**Task requirements**:
Starting at the line that contains "Сейчас CME —", write out each line through the end of the data below, exactly as it stands. Skip any pictures.

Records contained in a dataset
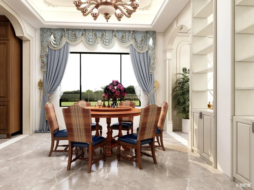 设计师将浪漫与庄严的气质从空间细节凸显,半圆形的拱门和转角的石砌,尽显雍容华贵。绿植摆设清新不落俗套,白色线条使入墙空间层次感更为强烈,实木与欧美装饰搭配的拱门,挑高的大面窗客厅,都令人心神荡漾。
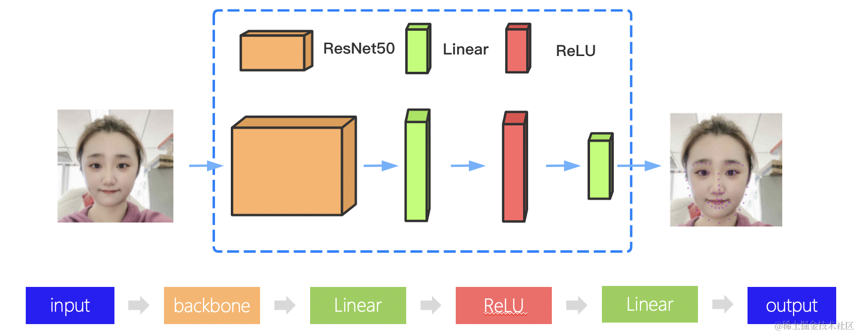 关键点识别和分类的区别嘛:应该还是很大的,分类只要识别是什么类型的得到一个大概的位置即可,但是回归问题在处理完这些以后要定性,确定到那个位置,一个是区域性质的一个是固定的点,这个难度可想而知。
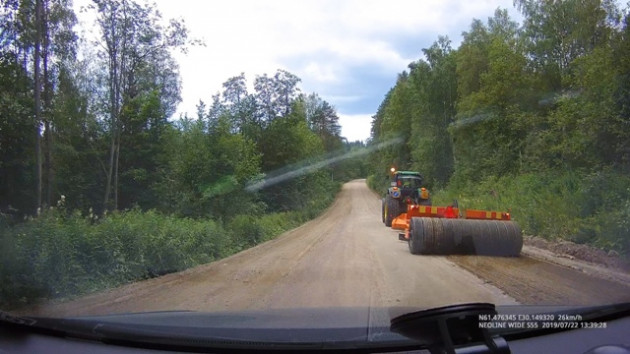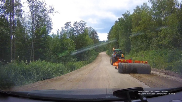 Дальше поехал в Лахденпохью. По дороге видел как грунтовку ровняют. Не, не грейдером. Трактор тянет этакую борону с двумя рядами “ножей” с “зубами”, а сзади еще ряд колес, которые сразу прикатывают грунт. Что-то типа катка. Классный агрегат! Мне бы такой, к садоводству дорогу ровнять…
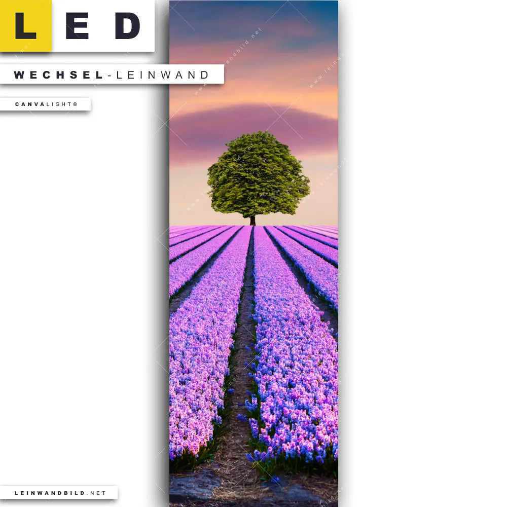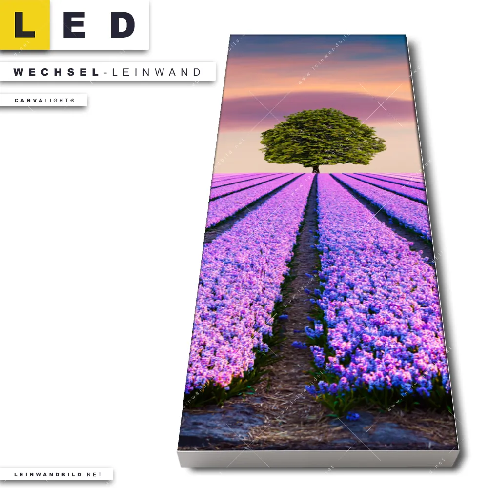 Du bist auf der Suche nach einer Landschaften Wechsel-Leinwand für Dein LED-Leinwandbild im Schmalen Format? Begriffe wie Blumen, Baum, Feld, Sonnenuntergang, Wiese, Himmel, Hyazinthenblumen, Hyazinthen haben Dich auf der Suche nach Deiner Ersatz-Leinwand für dein LED Wandbild im Panorama-Hochformat mit wechselbarer Leinwand inspiriert? Farben wie Lila, Orange dürfen auf Deinem neuen Wechselmotiv für Dein XXL Leinwand-LED-Bild nicht fehlen und Leinwände im Floral, Natürlich - Realistisch Stil für Leuchtbilder passen perfekt zu Deinem Einrichtungsstil?
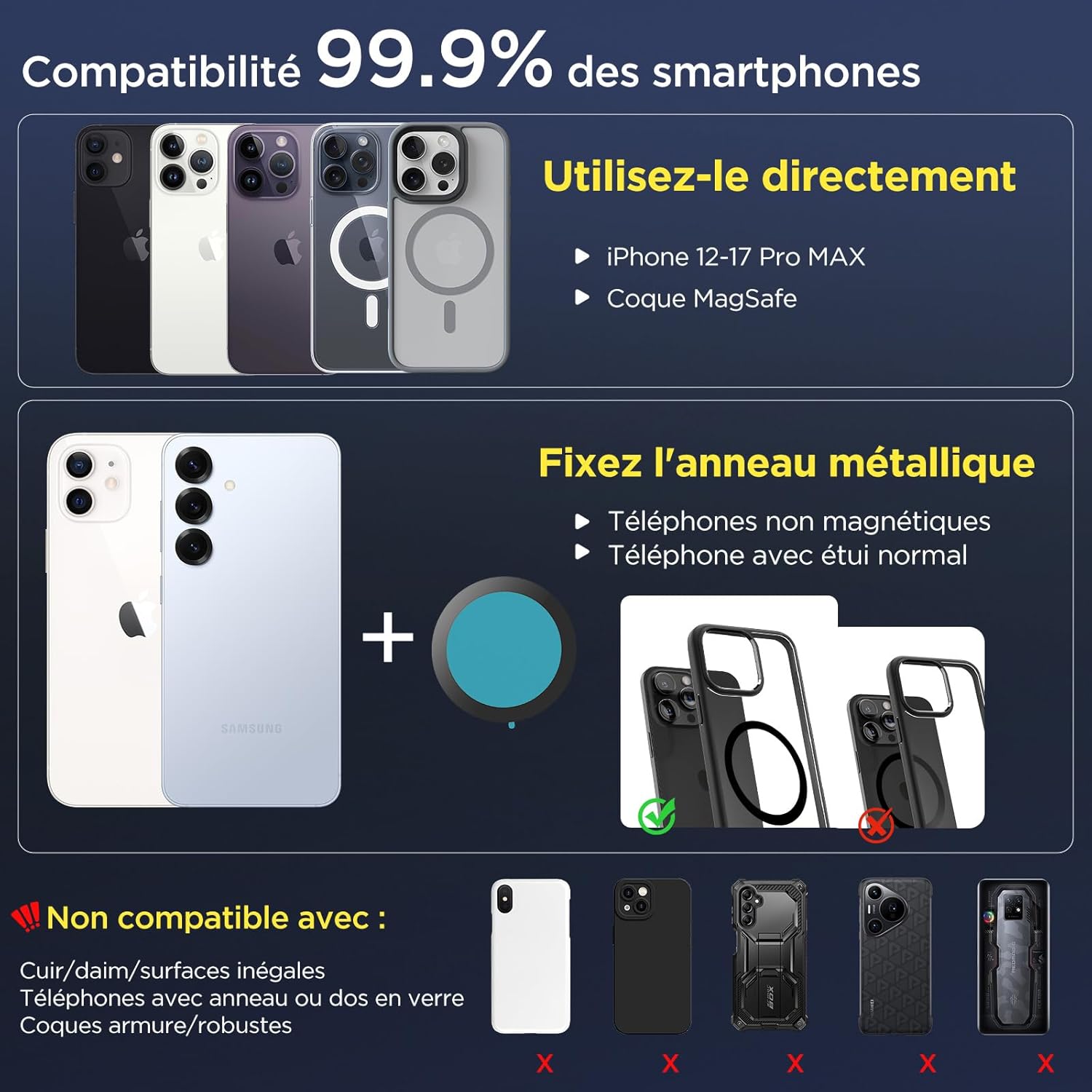 • 1× Anneau magnétique adhésif (pour smartphones non MagSafe)
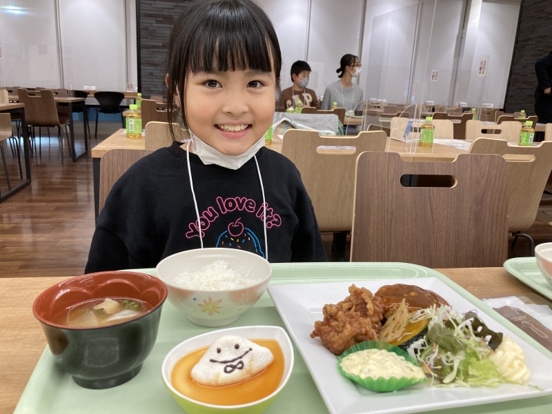 続いての夕食タイムに登場したのは、学食の人気メニュー「学食人気メニューの手作りハンバーグと唐揚げ、具だくさん味噌汁、マシュマロお化けのプリン」です。デザートのプリンに描かれたお化けは1つ1つ表情が違って、子どもたちに大好評。皆の「おいしい!」の声が学食に響いていましたよ。
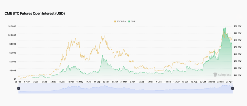 Сейчас CME — ведущая биржа по объему открытого интереса (ОИ) на биткоин-фьючерсы. На спотовом рынке доминирует Binance.
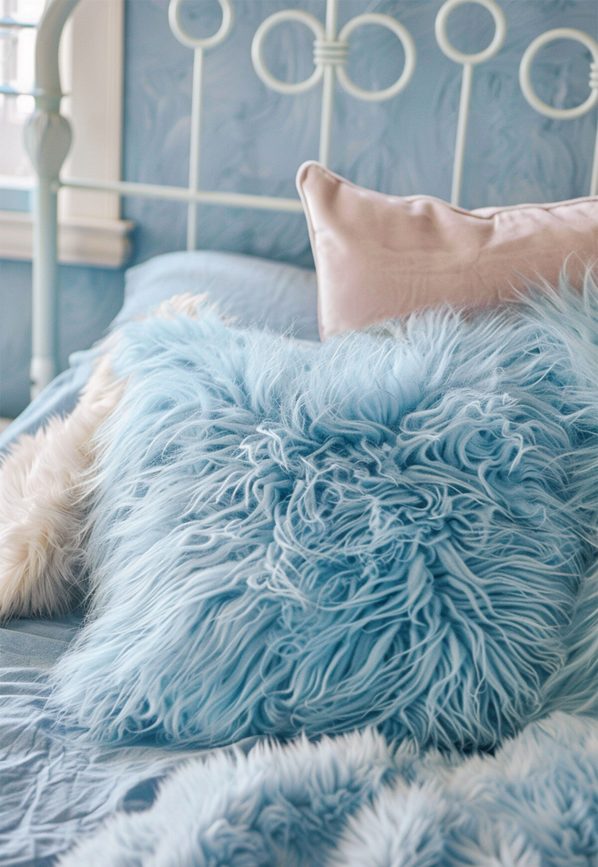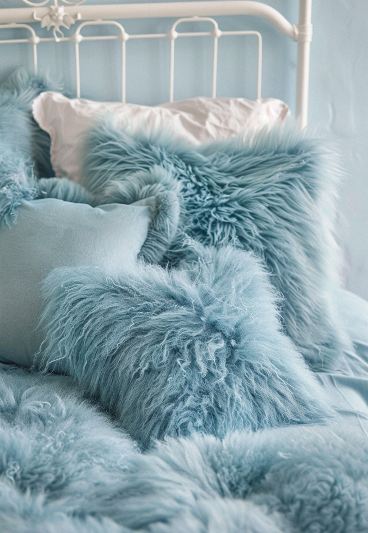 Lammfellkissen TIBET HIMMELBLAU mit Inlett
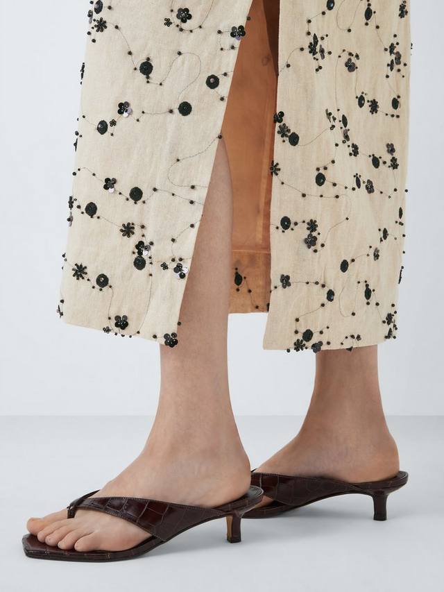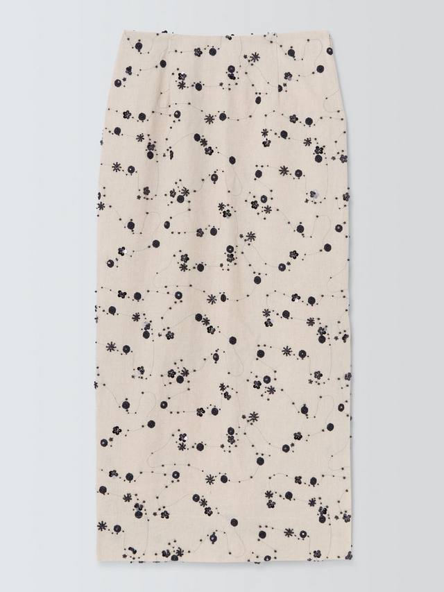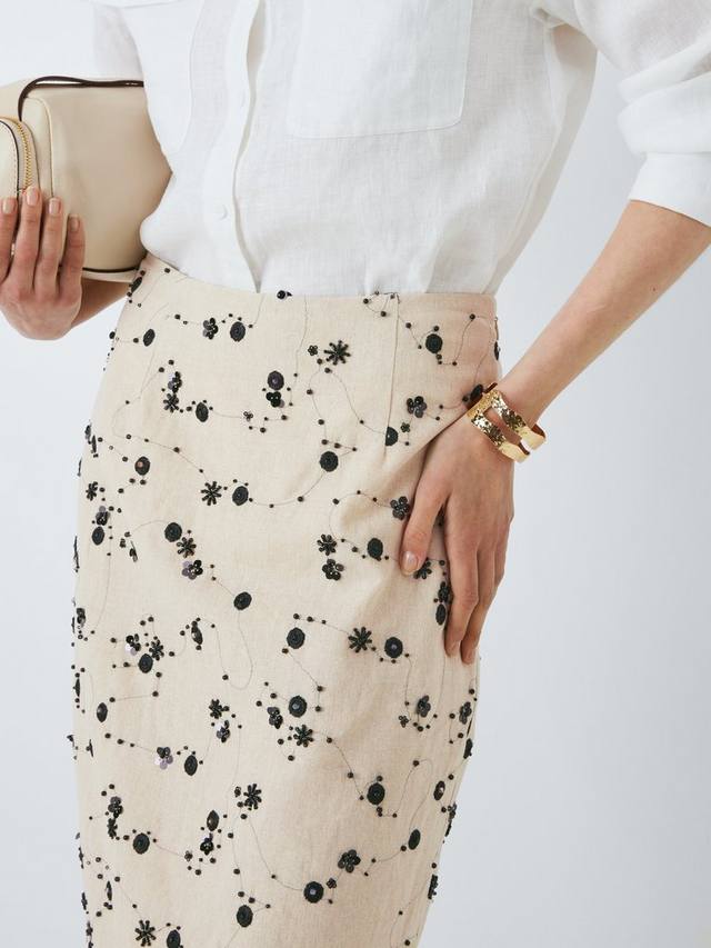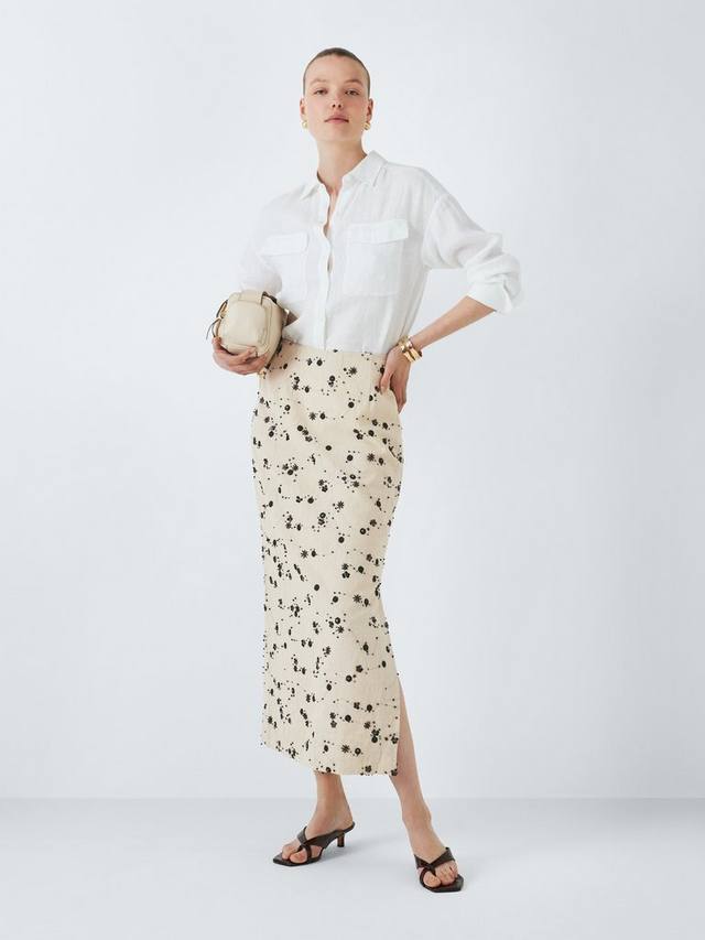 Юбка-карандаш миди с абстрактными деталями. Изготовлена из лёгкой ткани с добавлением льна для комфорта в тёплую погоду.

**Response below**:
 Сейчас CME — ведущая биржа по объему открытого интереса (ОИ) на биткоин-фьючерсы. На спотовом рынке доминирует Binance.
 Lammfellkissen TIBET HIMMELBLAU mit Inlett
 Юбка-карандаш миди с абстрактными деталями. Изготовлена из лёгкой ткани с добавлением льна для комфорта в тёплую погоду.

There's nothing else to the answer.